Функции Шиги-Хутуху, назначенного судить преступления в империи, представлял собой прототип монгольского юридического механизма, yarghu [Morgan 1986, p. 173–175; Lambton 1988, с. 95–96, 274275]. В персидских источниках термин yarghu используется для обозначения суда по расследованию дел, которому поручалось — часто с использованием пыток — производить расследования преступлений свергнутых министров, коррумпированных чиновников и других «врагов» государства. Термин происходит от монгольского слова jargu, которое означает: дело, жалоба, правосудие.
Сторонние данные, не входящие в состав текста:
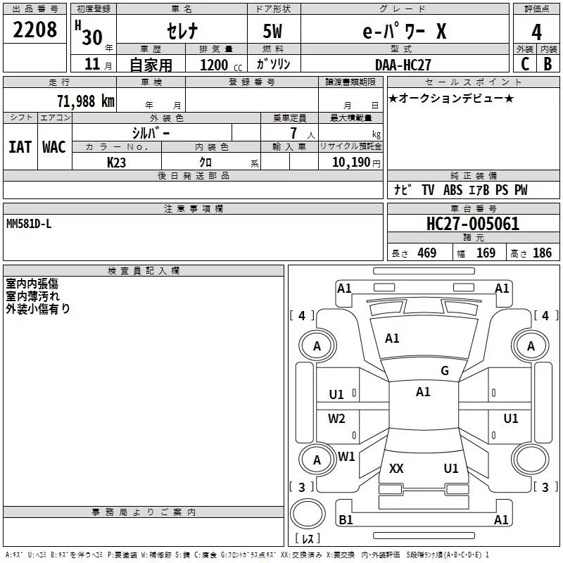 Nissan SERENA с аукциона Японии TAA Kinki лот № 2208

Судебные процедуры yarghu были восприняты мусульманами как нечто противоположное шариату, воплощавшие полный произвол.
Ибн Арабшах упоминает среди правил Ясы практику перевода свободных людей в рабов и передачу людей по наследству [Ibn ’Arabshah 1832, p. 233]. Свидетельство Ибн Арабшаха, очевидно, — эхо, достаточно деформированное, имперского института: раздела земли и населения между Чингисидами.
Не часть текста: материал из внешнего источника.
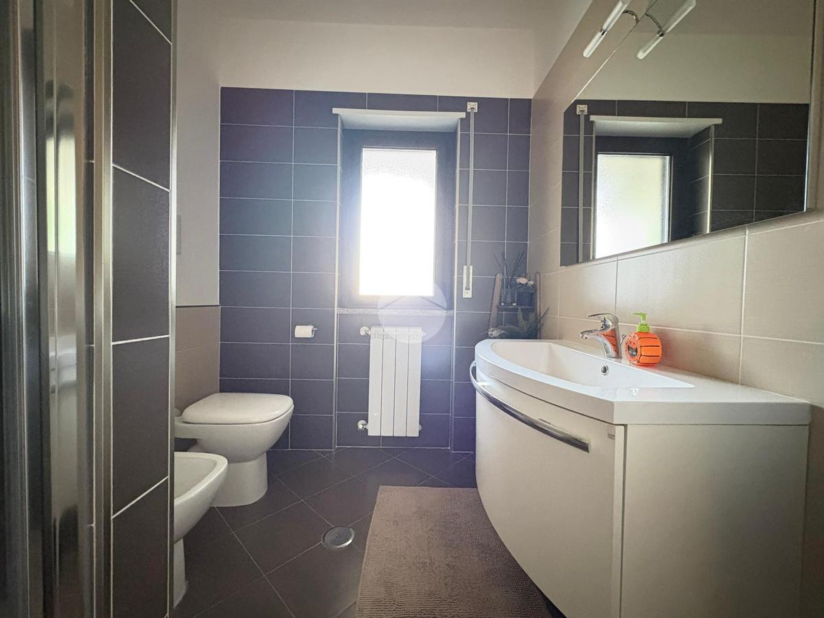Completa la zona giorno un bagno finestrato con vasca, arredato con lavabo Berloni e specchio con luci.

В монгольском доимперском обществе nutuq (тюрк. yurt) означало территорию, достаточную для содержания некоторого числа кочевников [Vladimirtsov 1948, с. 144]; это население принадлежало «сеньору/правителю (нойону)», который контролировал и территорию, на которой они жили. Чингис-хан сохранил основу этой организации управления территорией и людьми полностью как «родовое достояние»,
Эта система берет начало в кочевых обычаях: распределение в качестве трофея покоренных народов и территории пастбищ. После установления господства над оседлыми народами в Китае и Иране монголы распространили эту практику на распределение обрабатываемых земель, которые предназначались принцам крови и некоторым чиновникам [Allsen 2001, с. 183–184]. Китайские источники называют земли, данные в удел, термином fen-ti; первое упоминание этого мы находим при Угэдэе. Распределение земель с оседлым земледельческим населением, которое на них жило, практиковалось в огромных масштабах при Мункэ, особенно после главной переписи населения империи. Он распорядился провести эту перепись, чтобы получить доступ к материальным и людским ресурсам этих территорий для перераспределения части этих богатств между членами императорской семьи [Allsen 1986, p. 495–521; Allsen 1987, p. 116–143]. Раздел территорий и поступающих с них доходов был формой редистрибуции, которая, когда принцы развязали гражданскую войну после 1259 г., становилась дипломатическим инструментом в постоянных поисках союзов.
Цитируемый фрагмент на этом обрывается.